Поляна, стоявшая осенью в ягодах, теперь в зеленой траве, в ранних цветах. В один из солнечных дней пробрались на нее Фаина и Варвара. Завтра - десятый день поста; они примут венец и предстанут перед богом.
Ползали по жесткой сыроватой постели из прошлогодних листьев, травы, осыпавшейся хвои отупевшие, онемевшие, равнодушные ко всему. Слабо шарили в траве, хламе лесном - искали песты. Находили их - острые, со свечной огарочек - рвали и жадно ели. От сладостной пищи кружилась голова. Тогда останавливались, сидели, отдыхая. Пестов, однако, было мало.
- Варварушка! - спрашивала Фаина, - тебе не страшно?
Варвара не отвечала, глаза ее невидяще смотрели в глубь леса, стекленели; мутно-белесая, что березовый сок, слезинка скатывалась по щеке.
- Не страшно, милая. Все одно. Одна мне дорога - в сыру землю. На дочку бы только насмотреться.
|
|
- А мне страшно! - жалась к ней Фаина,
- Дурочка. Одна минутка всего, и ты там, у господа...
Прости, прости, господи. Там хорошо-о-о... Ни болестей, ничего нет... Одне яблоки...
- А ягодок-то спелых тоже захочется... - Фаина
дрожащей рукой гладила, гладила пурпурный, сгибающийся под ладонью и оттого
будто ласкающийся цветок, и слезы капали, капали на него...
- Может, и ягодки есть, - вздохнула Варвара, - никто
ведь не был там, никому неведомо, что там, в раю-то... Прости, господи, за слова такие.
Прислонясь к стволу толстой, поросшей понизу лишайником
ели, молча слушали ее шум. Кора ели, что короста, шершава, соринки сыплются за
ворот. Да все равно сладко сидеть! Уходить не хочется. Убежать бы домой -
нагонит ведь Христофор. Пусть и не нагонит, а от бога куда денешься? Умрешь
от тоски. Видны в просветы между деревьями прохладные,
от страха, осиянные
солнцем облака. |
Мягкие, пышные, ласкают, успокаивают взгляд.
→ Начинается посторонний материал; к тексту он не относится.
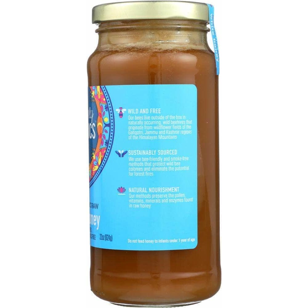 100% Organic Raw White HoneyOur bees live outside of the box in naturally occurring, wild beehives that originate from wildflower fields of the Gangotri, Jammu and Kashmir regions of the Himalayan Mountains. This delicious honey opens your senses to a multitude of exotic flowers as it lingers on the palate. White in color, velvety in texture with a smooth, sweet taste. Perfect for anything you use honey for like spreading on fresh baked breads, or just eating by the spoonful.

Куда же они плывут?
Не в той ли стороне, куда медленно уходят они, рай господен?..
- Чу! - Варвара подняла палец. Застыли, прижавшись друг к другу.
- Чу! Ровно звонят за облачками-то! Слышишь?..
- Нет!
- А я слышу. То меня ангелы зовут... Пойдем скорей, Фаинушка, давай торопиться!..
- Тише! Теперь и я слышу! Лебеди!.. Все время в эту пору над деревней пролетали.
- Ангелы, ангелы...
- Видишь!
Снежно-белые, будто тающие в лучах солнца, птицы одна за другой летели над лесом, трепетали в воздухе, как белые косынки.
- Нам, нам машут! В последнее, видать...
И будто тонкий стеклянный звон все время доносился, доносился с высоты, пока не стих совсем...
20.
И вот он пришел светлый денек - суббота. Всю ночь в скиту не спали, наряжали Варвару и Фаину к венцу. Помыли их в тазу с теплой водой, одели в белые - до пят - смертные рубахи. Фаина дрожала как осиновый листок. Христофор был сегодня ласковый, празднично хлопотливый. Призвал к себе Варвару, мягко заговорил:
- К светлому венцу, Варварушка, приходишь!.. Вот кака благодать!.. Мы же, яко черви презренные, по длани земной еще ползать будем. Грехи наши присные замаливать. А ты пострадала довольно, тебе пора!.. У врат господних предстанешь, готовься!..
Варвара безучастно смотрела перед собой.
- Дитя только твое единородное... на услужении у антихриста. Матерь райские яблоки будет отведывать, а дитя ее в лапах у диавола сидеть! Ой, грех!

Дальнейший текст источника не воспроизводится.